A Clinical Study Evaluating the Safety and Efficacy of GT801 Injection in Adult Patients With Relapsed/Refractory CD19-positive B-cell Hematologic Malignancies and Autoimmune Hemolytic Anemia
The goal of this clinical study is to evaluate the safety and efficacy of GT801 injection in adult patients with relapsed/refractory CD19-positive B-cell hematologic malignancies and autoimmune hemolytic anemia. Interim analysis conducted when 2 patients complete primary endpoint measurement.
• Aged 18 to 75 years (inclusive), male or female;
• Participants with refractory or relapsed acute B-cell lymphoblastic leukemia (B-ALL), Chronic Lymphocytic Leukemia (CLL), B-cell Non-Hodgkin's Lymphoma (B-NHL) confirmed by the WHO 2016 Classification, or Autoimmune Hemolytic Anemia (AIHA) diagnosed in accordance with international consensus;
• Disease progression or recurrence after at least second-line drug treatment;
• CD19 positivity confirmed by flow cytometry and/or histopathology (excluding autoimmune hemolytic anemia);
• Eastern Cooperative Oncology Group (ECOG) performance status score of 0-1(excluding autoimmune hemolytic anemia);
• Expected survival period \> 12 weeks
• For participants with hematological malignancies, the following requirements must be met:
⁃ For any prior systemic therapy (excluding immune checkpoint inhibitors), an interval of at least 2 weeks or 5 half-lives (whichever is shorter) must have elapsed between the last dose of such therapy and the planned initiation of study treatment.
⁃ For any prior treatment with immune checkpoint inhibitors (e.g., anti-PD-1/PD-L1 monoclonal antibodies such as pembrolizumab, OX40 agonists, 4-1BB agonists, etc.), an interval of at least 3 half-lives or 28 days (whichever is shorter) must have elapsed between the last dose of such treatment and the planned initiation of study treatment.

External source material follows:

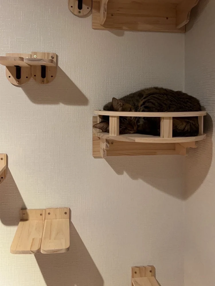 Bueno para la salud Los estantes de pared para gatos se adaptan al hábito de los gatos de escalar, aumentan el ejercicio y reduciendo la posibilidad de obesidad, lo que es bueno para la salud.Además, le da a los gatos espacio para escalar y evitar estropear la casa.

⁃ • For participants with autoimmune hemolytic anemia (AIHA), the following requirements must be met: The total course of glucocorticoid therapy shall be no less than 3 months (except for those who are unable to tolerate due to severe infection, fracture, etc.); Rituximab (100 mg or 375 mg/m²) shall be administered for at least 4 times, with hemoglobin (HB) remaining below 100 g/L at 12 weeks after the first dose; or rituximab (1000 mg per administration) shall be administered for at least 2 times, with hemoglobin (HB) remaining below 100 g/L at 12 weeks after the first dose; oral administration of any one of the following drugs including mycophenolate mofetil, cyclosporine, azathioprine, cyclophosphamide, etc., shall last for at least 4 months or be discontinued due to intolerance; or intravenous therapy with fludarabine or cyclophosphamide injection shall be administered for at least 2 cycles; or subcutaneous injection of bortezomib shall be administered for at least 4 times.